SENATE BILL REPORT

SHB 2802


 


 

As Reported By Senate Committee On:

Agriculture, February 26, 2004

 

Title: An act relating to penalties for trading in nonambulatory livestock.

 

Brief Description: Establishing penalties for trading in nonambulatory livestock.

 

Sponsors: House Committee on Agriculture & Natural Resources (originally sponsored by Representatives Schoesler, Linville, Romero, Grant, Shabro, Schual-Berke, Rockefeller, Flannigan, Alexander, Hudgins, Anderson, Ruderman, Sump, Murray, Boldt, Darneille, Clements, Dickerson, Newhouse, Hunt, Lantz, McDermott, Kenney, Haigh, Clibborn, Kristiansen, Holmquist, Quall, O'Brien, Eickmeyer, Woods, Buck, Bailey, Kessler, G. Simpson, Morrell, Wallace, Lovick, Edwards, Benson, Pearson, Nixon, Armstrong, Hinkle, Wood, Moeller, Ahern, Roach, Cooper, McCoy, Cody, Conway, Kagi, Ormsby, Skinner, McMorris, Campbell, Sullivan, Chase, Santos and Condotta).


Brief History:

Committee Activity: Agriculture: 2/24/04, 2/26/04 [DPA].

      


 

SENATE COMMITTEE ON AGRICULTURE


Majority Report: Do pass as amended.

      Signed by Senators Swecker, Chair; Brandland, Vice Chair; Jacobsen, Rasmussen and Sheahan.

 

Staff: Bob Lee (786-7404)

 

Background: State law includes standards for treatment of livestock and other animals.
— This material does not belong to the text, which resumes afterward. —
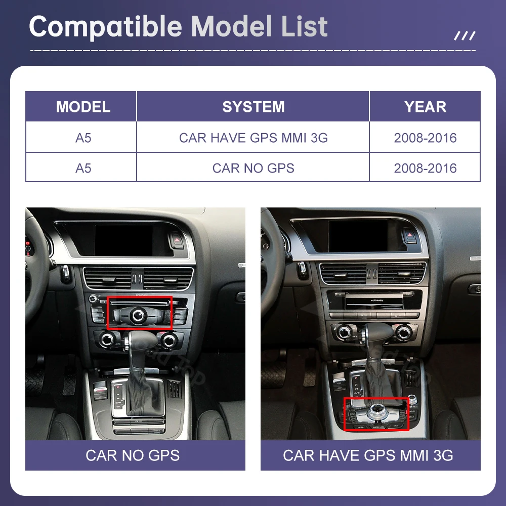 8.8inch 12.3inchCar Multimedia Touch Screen For Audi A5 2008-2016 with Wireless CarPlay Android Auto Airplay Functions
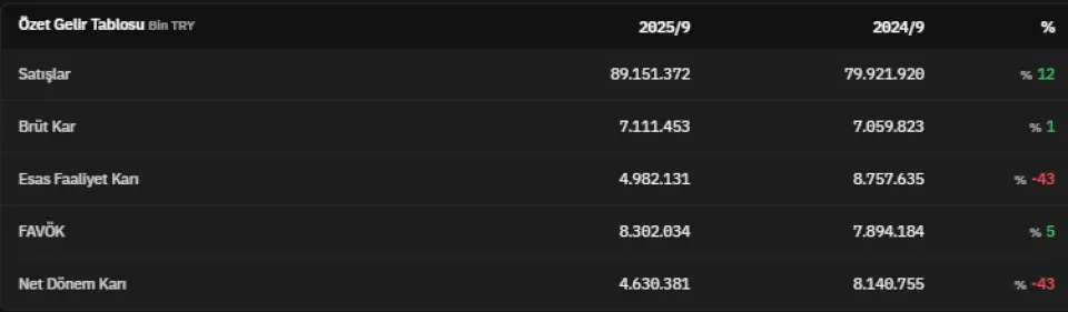 FAVÖK 2025 yılının üçüncü çeyreğinde 8.302.034.000 TL olarak açıklandı. 2024 yılının üçüncü çeyreğinde 7.894.184.000 TL olarak açıklanan FAVÖK, 2025 yılının üçüncü çeyreğinde %5 artmış oldu. Net dönem kârı ise 4.630.381.000 TL olarak kaydedildi. İlgili veri 2024 yılının üçüncü çeyreğinde 8.140.755.000 TL olarak açıklanmıştı.

State law requires humane slaughter of livestock and imposes sanctions for violations. State animal cruelty statutes prohibit certain practices and activities involving animals, including transporting or confining animals in an unsafe manner. In addition, the animal cruelty statutes establish two classes of criminal violations. Animal cruelty in the first degree, a class C felony, involves intentionally inflicting substantial pain on, causing physical injury to, or killing an animal by a means that causes undue suffering. Animal cruelty in the second degree (a misdemeanor) is committed when a person knowingly, recklessly, or with criminal negligence inflicts unnecessary suffering or pain upon an animal. The state animal cruelty laws do not apply to accepted husbandry practices that are used in the commercial raising or slaughtering of livestock.

 

Summary of Amended Bill: Transport or accepting delivery of live nonambulatory livestock is a criminal violation of the state's animal cruelty laws under certain circumstances. Any person who knowingly transports or accepts delivery of live nonambulatory livestock to, from, or between any livestock market, feedlot, slaughtering facility, or similar facility that trades in livestock is guilty of a gross misdemeanor. The transport of each nonambulatory livestock animal is a separate and distinct violation. "Nonambulatory livestock" is defined for purposes of the criminal violation as cattle, sheep, swine, and goats and horses, mules, or other equine that cannot rise from a recumbent position or cannot walk. The definition includes those livestock with broken appendages, severed tendons or ligaments, nerve paralysis, fractured vertebral column, or metabolic conditions.

 

Livestock that was ambulatory prior to transport to a feedlot and becomes nonambulatory because of an injury sustained during transport may be unloaded and placed in a separate pen for rehabilitation at the feedlot.

 

Nonambulatory livestock must be humanely euthanized before transport to, from, or between any livestock market feedlot, slaughtering facility or similar facility that trades in livestock.

 

Amended Bill Compared to Substitute Bill: A provision is added that clarifies if livestock is injured in transport to a feedlot and becomes nonambulatory, that it can be unloaded and placed in a separate pen for rehabilitation. Clarification is provided that euthanizing a nonambulatory livestock is required before transport to, from or between any livestock market, feedlot, slaughtering facility, or similar facility that trades in livestock.

 

Appropriation: None.

 

Fiscal Note: Available.

 

Effective Date: The bill contains an emergency clause and takes effect immediately.

 

Testimony For: The bill represents long hours of discussion and agreement by representatives of the livestock industry and animal welfare advocates.

 

Testimony Against: None.

 

Testified: PRO: Susan Michaels, Pasado's Safe Haven; Heather Hansen, WA Cattle Feeders; Chris Cheney, WA Dairy Federation.